* **Exercise data**
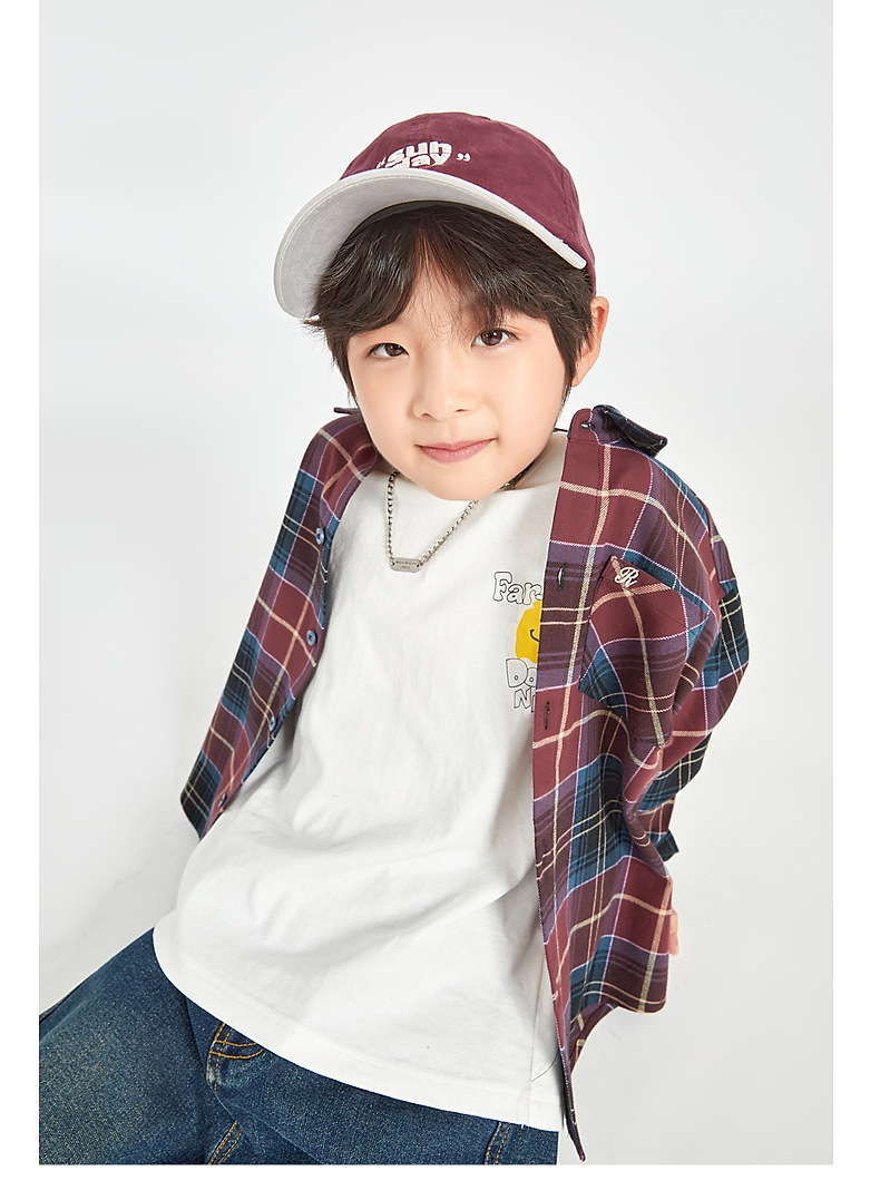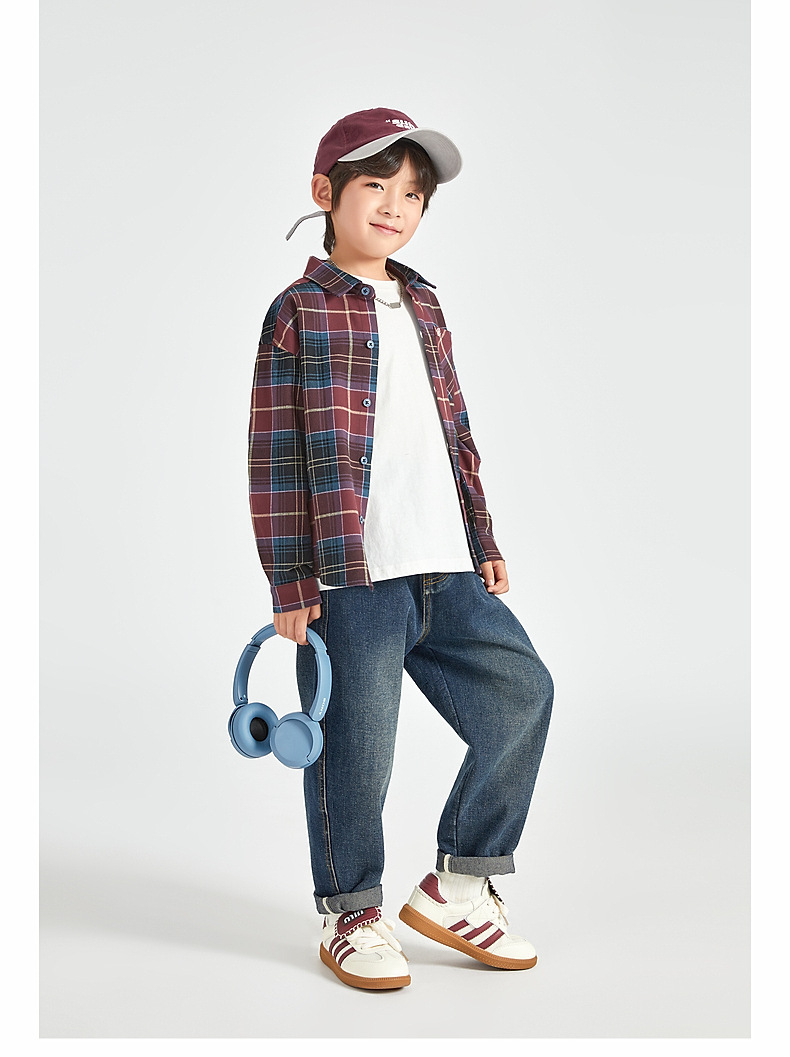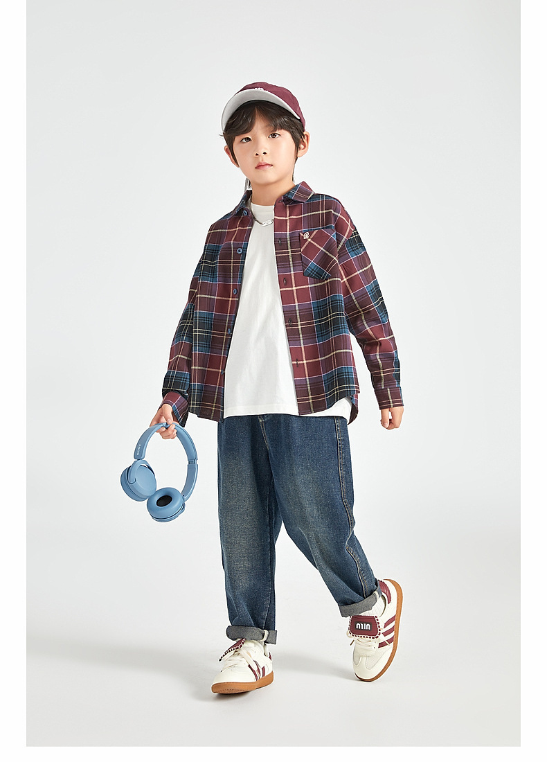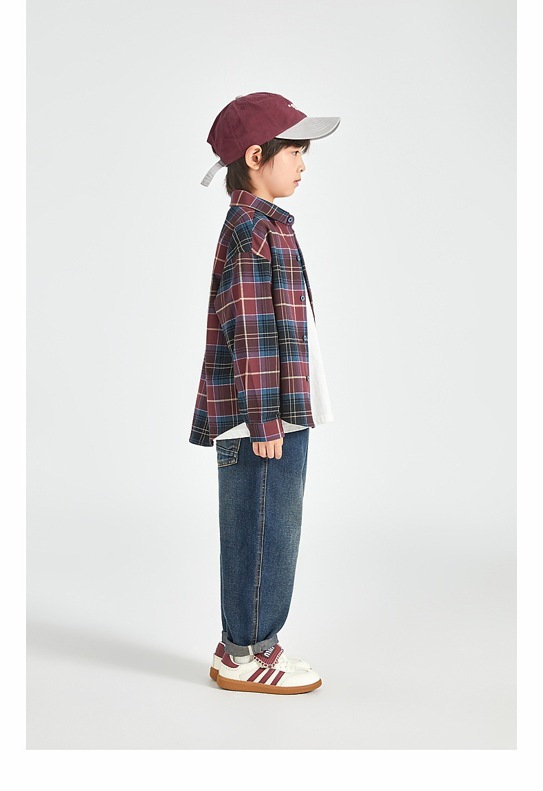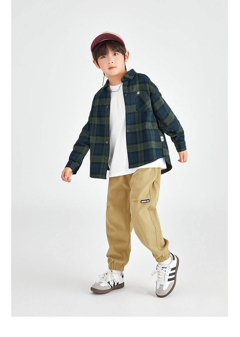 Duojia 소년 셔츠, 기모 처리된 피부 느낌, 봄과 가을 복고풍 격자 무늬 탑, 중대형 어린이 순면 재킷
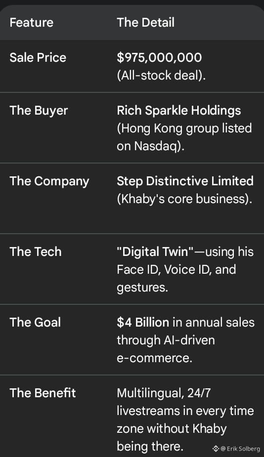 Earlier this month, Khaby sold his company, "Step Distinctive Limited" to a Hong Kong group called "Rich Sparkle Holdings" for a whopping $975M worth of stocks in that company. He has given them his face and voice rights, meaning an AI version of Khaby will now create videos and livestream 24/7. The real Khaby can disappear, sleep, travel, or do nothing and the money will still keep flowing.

...

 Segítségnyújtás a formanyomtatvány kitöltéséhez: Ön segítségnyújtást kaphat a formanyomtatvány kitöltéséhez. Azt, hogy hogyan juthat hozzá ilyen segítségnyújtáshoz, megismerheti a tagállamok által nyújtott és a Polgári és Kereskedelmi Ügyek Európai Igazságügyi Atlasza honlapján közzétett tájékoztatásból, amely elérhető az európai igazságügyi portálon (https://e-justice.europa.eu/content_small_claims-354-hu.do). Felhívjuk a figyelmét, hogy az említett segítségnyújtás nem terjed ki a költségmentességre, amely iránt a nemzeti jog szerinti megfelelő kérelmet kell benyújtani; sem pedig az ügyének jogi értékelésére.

* **Work order**
Look above for the line with "Duojia 소년 셔츠, 기모" and the line with "Earlier this month, Khaby", then copy exactly the lines from the first through the second, both kept, with no pictures.

* **Task result**
 Duojia 소년 셔츠, 기모 처리된 피부 느낌, 봄과 가을 복고풍 격자 무늬 탑, 중대형 어린이 순면 재킷
 Earlier this month, Khaby sold his company, "Step Distinctive Limited" to a Hong Kong group called "Rich Sparkle Holdings" for a whopping $975M worth of stocks in that company. He has given them his face and voice rights, meaning an AI version of Khaby will now create videos and livestream 24/7. The real Khaby can disappear, sleep, travel, or do nothing and the money will still keep flowing.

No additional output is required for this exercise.